Evaluate the sum $S=\sum_{k=2}^{\infty} \frac{\zeta (k)-1}{k+1}$, where $\zeta (s)$ denotes the Riemann zeta function.
The sum is equal to $\sum_{k=2}^{\infty} \sum_{n=2}^{\infty} \frac{1}{(k+1)n^k}$, then switching the order (since the summand converges uniformly) gives $$S=\sum_{n=2}^{\infty} \sum_{k=2}^{\infty} \frac{1}{(k+1)n^k}$$.
For the inner sum, I tried to evaluate it by considering $\sum_{k=0}^{\infty} x^k = \frac{1}{1-x}$ for $|x|<1$. Integrating w.r.t $x$ and then divided both sides by $x$ gives
$$\sum_{k=2}^{\infty} \frac{x^k}{k+1}= \frac{-1}{x}\ln |1-x|-1-\frac{x}{2}$$. Then put $x=1/n$ for $n=2,3,\cdots$. But then I dont how to evaluate the outer sum, please helps.
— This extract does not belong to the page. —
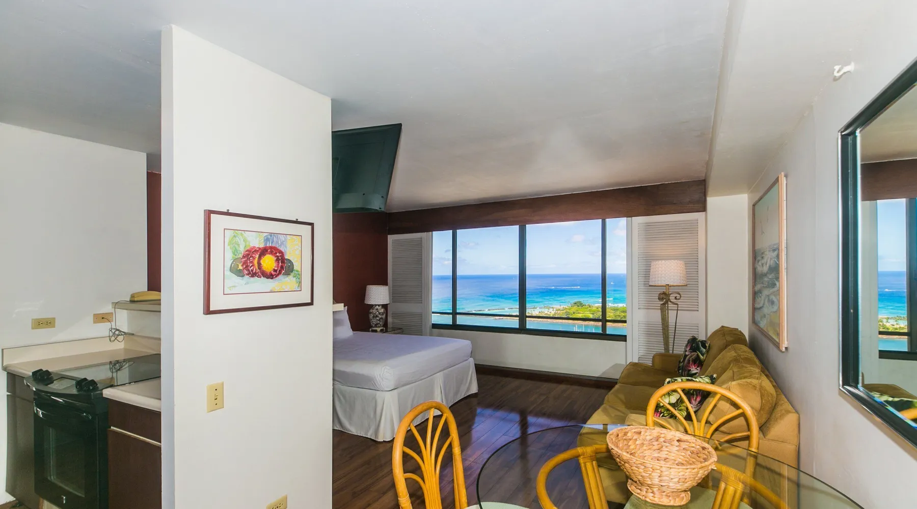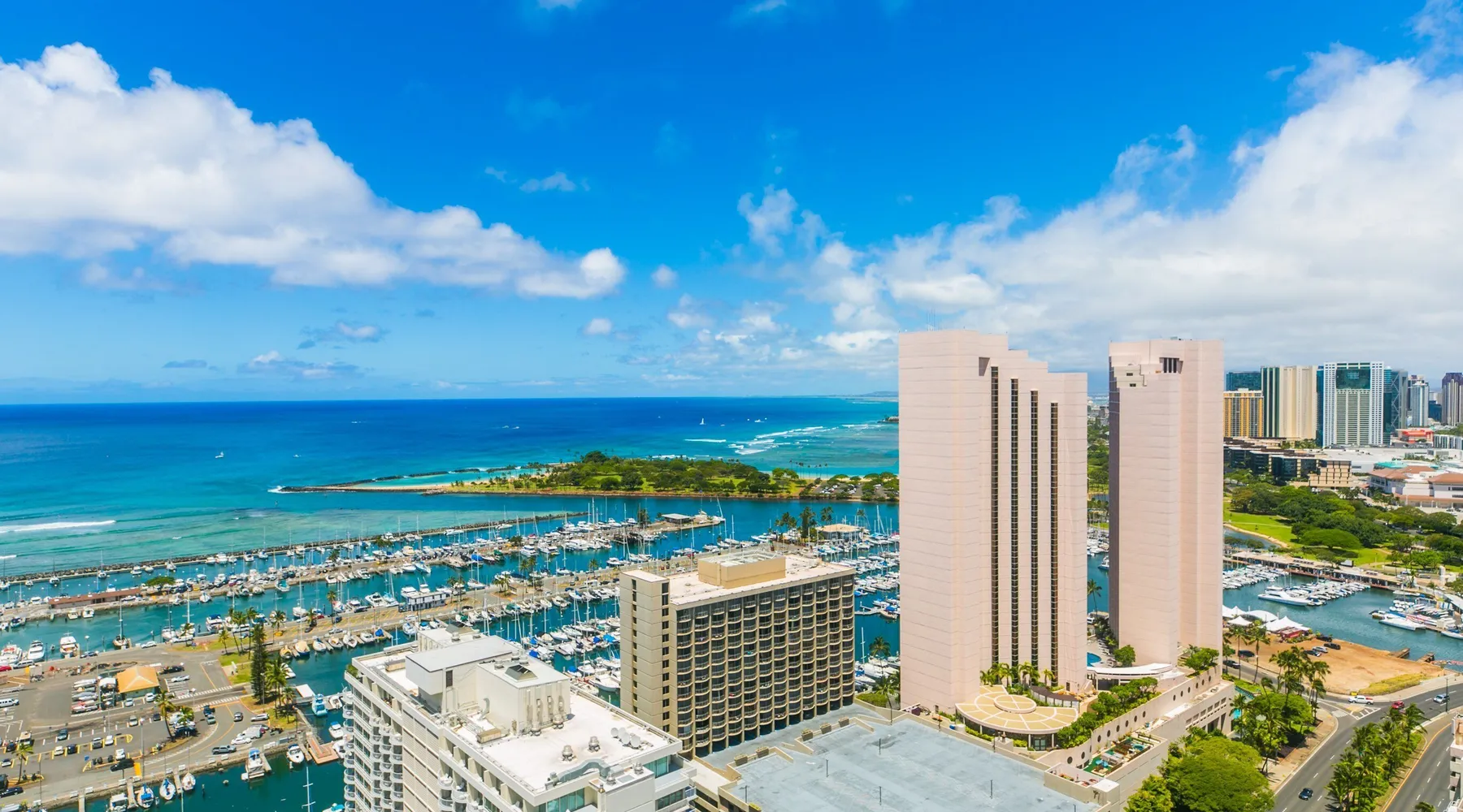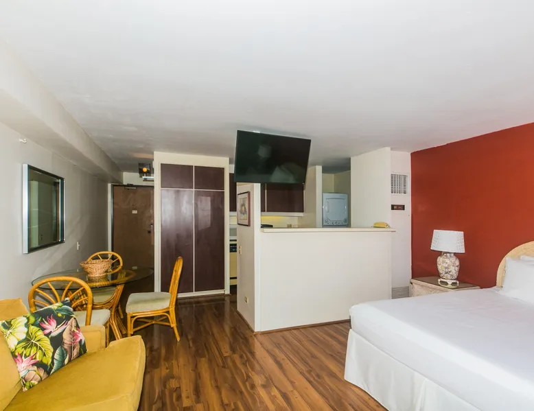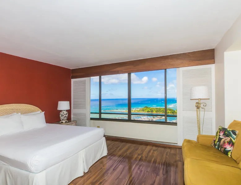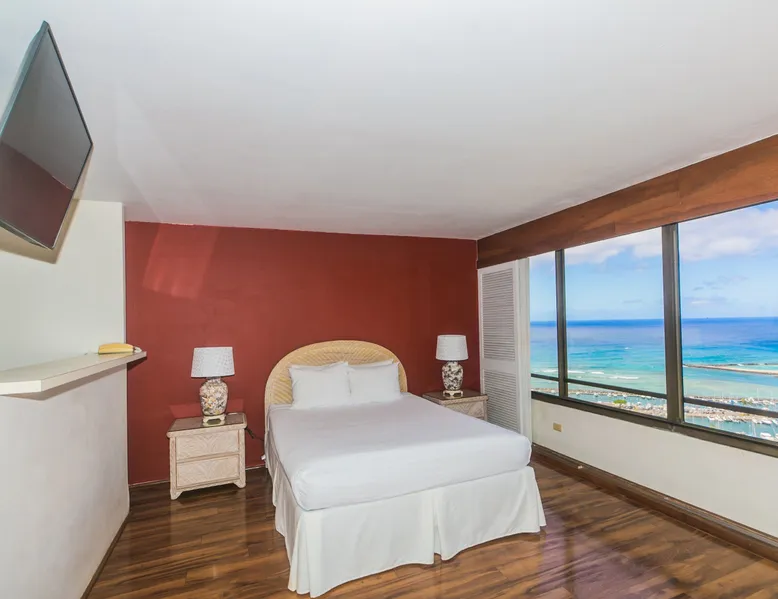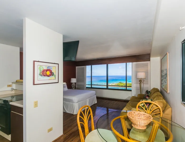 Enjoy the best of city living with scenic ocean views in this inviting studio on the 37th floor of Discovery Bay. Just steps from the beach, this spacious studio offers both comfort and convenience in the heart of Honolulu. Large windows showcase panoramic views of the city and ocean, creating a serene backdrop for your stay. Inside, you'll find a thoughtfully designed open layout with a comfortable seating area, a well-equipped kitchen, and generous storage space. Ideally situated near top attractions, dining, and shopping, this studio is the perfect home base for your island adventure. KITCHEN - Full Size Refrigerator - Cooktop/Oven - Dishwasher - Microwave - Washer/Dryer - Dinnerware, Glassware, Silverware, Cookware, Coffee Maker, Rice Cooker, Blender, Kettle Provided LIVING AREA/BEDROOM - Flat screen Smart TV - Sofa - Dining table seating for 3 - Queen Bed - Central AC BATHROOM - Tub Shower - Toilet - Hair Dryer 1-assigned parking stall included with the rental. AMENITIES Your stay includes cable TV, high-speed internet with password-protected WiFi, and local phone service. We provide a starter kit of essentials, which includes liquid dish soap, a dishwashing packet, a kitchen sponge, trash liners, a roll of paper towels, coffee, condiment packets, travel-size shampoo, conditioner, body lotion, soap, facial tissue, and an extra roll of toilet paper. Please note we do not replenish these items once the starter set is depleted. Each bathroom is equipped with 4 sets of towels, and blankets can be found in each bedroom closet. We are delighted to provide beach towels for your stay. Please ensure they are returned to the room at check-out. If they are not, a $10 fee per towel may be applied to your account. Housekeeping services available for an additional fee. BUILDING AMENITIES The property consists of two 40-story towers, connected by an 11th-floor recreation deck. The deck features an outdoor swimming pool, jacuzzi, fitness center, and sunbathing area. A BBQ area is available on the 5th floor. The building offers secured entry and 24/7 security for added safety and convenience. Marina Hawaii Vacations has been providing fully furnished condo rentals to travelers since 1965. Book with confidence, as we offer only legal vacation rentals in Waikiki and the surrounding areas. Plus, you'll save when you book directly with us! Please note that the condos are privately owned, and construction or building maintenance may occur during your stay. While owners have no control over external work or noise, construction is typically limited to Monday–Friday from 8:00 AM to 4:30 PM, with no work on weekends or holidays. Most guests experience little to no disruption, as they are often out exploring the island, enjoying the beaches, shopping, or participating in activities. If you have any concerns, please contact a vacation rental specialist with Marina Hawaii Vacations

Remember Stirling's formula
$$\sum_{m=1}^n \log m = \log (n!) = \left(n+\tfrac{1}{2}\right)\log n - n + \tfrac{1}{2}\log (2\pi) + O\left(\tfrac{1}{n}\right).$$
Then we have
$$\begin{align} \sum_{n=2}^K \left(-n\log\left(1 - \tfrac{1}{n}\right) - 1 - \tfrac{1}{2n}\right) &= 1-K +\tfrac{1}{2} - \tfrac{1}{2}H_K - \sum_{n=2}^K n\log(n-1) + \sum_{n=2}^K n\log n\\ &= \tfrac{3}{2} - K - \tfrac{1}{2}H_K - \sum_{n=2}^{K-1}\log n + K\log K\\ &= \left(\left(K+\tfrac{1}{2}\right)\log K - K + \tfrac{1}{2}\log (2\pi) - \sum_{n=1}^K\log n\right)\\ &\qquad + \tfrac{3}{2}+ \tfrac{1}{2}\underbrace{\left(\log K - H_K\right)}_{-\gamma + O(K^{-1})} - \tfrac{1}{2}\log (2\pi)\\ &= \tfrac{3}{2} - \tfrac{1}{2}\gamma - \tfrac{1}{2}\log (2\pi) + O\left(\tfrac{1}{K}\right), \end{align}$$
where $H_K$ is the $K$-th harmonic number.